Downstream infrastructure development in China centers primarily on upgrading existing refineries rather than building new ones, due to overcapacity. In the late 1990s, the Chinese government shut down 110 small refineries, which generally made inferior quality petroleum products. Dozens of other small refineries owned by provincial and local governments have been merged into CNPC and Sinopec. Another major issue in the Chinese downstream sector is the lack of adequate refining capacity suitable for heavier Middle Eastern crude oil, which will become a necessity as Chinese import demand rises in the mid-term future. Several existing refineries are being upgraded to handle heavier and more sour grades of crude oil.

Chinese officials have spoken of their intention to build a national strategic petroleum reserve, and Chinese officials announced a policy decision in February 2003 to support the creation of a strategic petroleum reserve, and have reportedly been studying several options for the development of storage capacity. In the meantime, anecdotal evidence has suggested that China may have built up its petroleum stocks earlier this year in anticipation of possible war in Iraq.

NATURAL GAS

Historically, natural gas has not been a major fuel in China, but given China’s domestic reserves of natural gas, which stood at 53.3 trillion cubic feet (Tcf) at the beginning of 2003, and the environmental benefits of using natural gas, China has embarked on a major expansion of its gas infrastructure. Until the 1990s, natural gas was used largely as a feedstock for fertilizer plants, with little use for electricity generation. Natural gas currently accounts for only around 3% of total energy consumption in China, but consumption is expected to more than double by 2010. This will involve increases in domestic production, and imports, by pipeline and in the form of liquefied natural gas (LNG).

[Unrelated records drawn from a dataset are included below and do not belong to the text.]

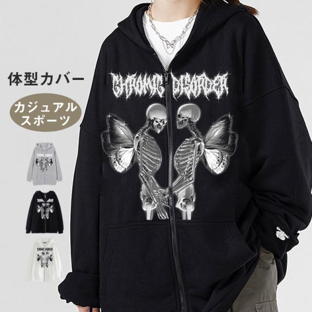 パーカー レディース メンズ カップル オーバーサイズ 秋冬 チュニック 前開き ゆったり ジップ アウター 羽織り 長袖 フード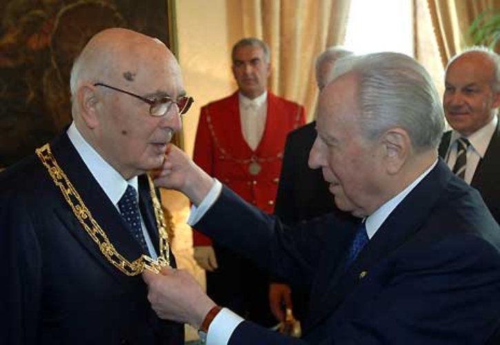 Il Presidente Giorgio Napolitano riceve dal Presidente Carlo Azeglio Ciampi le insegne di Cavaliere di Gran Croce decorato di Gran Cordone dell'OMRI.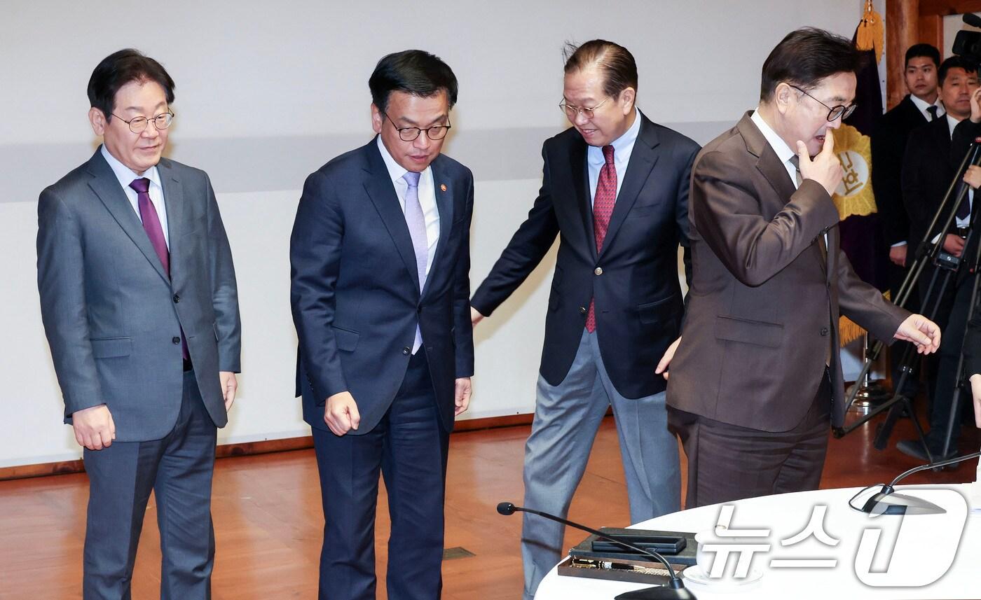 이재명 더불어민주당 대표(왼쪽부터), 최상목 대통령 권한대행 부총리 겸 기획재정부 장관, 권영세 국민의힘 비상대책위원장, 우원식 국회의장이 20일 오후 서울 여의도 국회 사랑재에서 열린 국정 안정을 위한 국회-정부 국정협의회에 참석해 기념 촬영을 마친 뒤 자리로 향하고 있다. 2025.2.20/뉴스1 ⓒ News1 국회사진취재단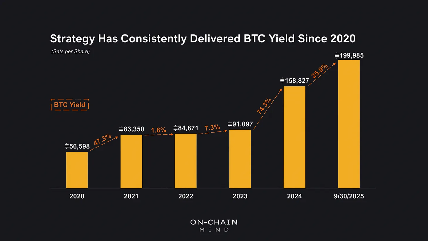 MSTR’s mission is elegantly simple: deliver Bitcoin yield by increasing Satoshis per share.Since 2020, it has achieved this annually through strategic debt issuances, equity offerings, and opportunistic Bitcoin purchases.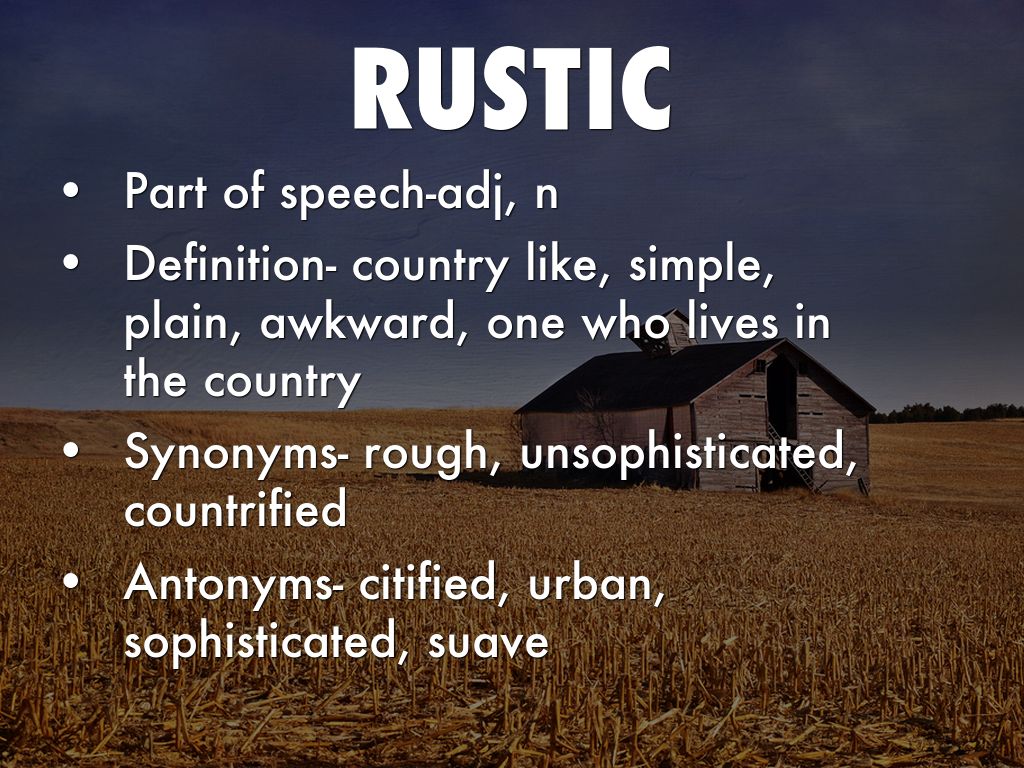Definition- country like, simple, plain, awkward, one who lives in the country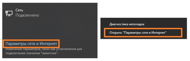 • В Windows 10 нужно щелкнуть любой кнопкой мыши по значку сети в системном трее, и в появившемся меню выбрать «Параметры сети и Интернет» или «Открыть Параметры сети и Интернет» (наличие данных пунктов зависит от того, какой кнопкой было произведено нажатие на значок сети).
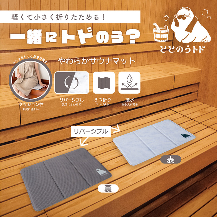 ●トドのプリントがワンポイントになったリバーシブルで使えるサウナマット

The country’s largest reserves of natural gas are located in western and north-central China, necessitating a significant further investment in pipeline infrastructure to carry it to eastern cities. China has a pipeline under construction, the “West-to-East Pipeline,” from natural gas deposits in the western Xinjiang province to Shanghai, picking up additional gas in the Ordos Basin along the way. Shell was chosen in February 2002 as the lead firm for the project, and Gazprom and ExxonMobil hold significant stakes. Sinopec also has been added as an equity partner. Construction began in July 2002, and a section of the pipeline east of the Ordos Basin is scheduled to begin operation in early 2004. The segment connecting to Xinjiang will be completed by early 2005. While it is unlikely to happen in the near future, the West-to-East Pipeline eventually could serve as a trunkline which could be extended to receive natural gas from Central Asia.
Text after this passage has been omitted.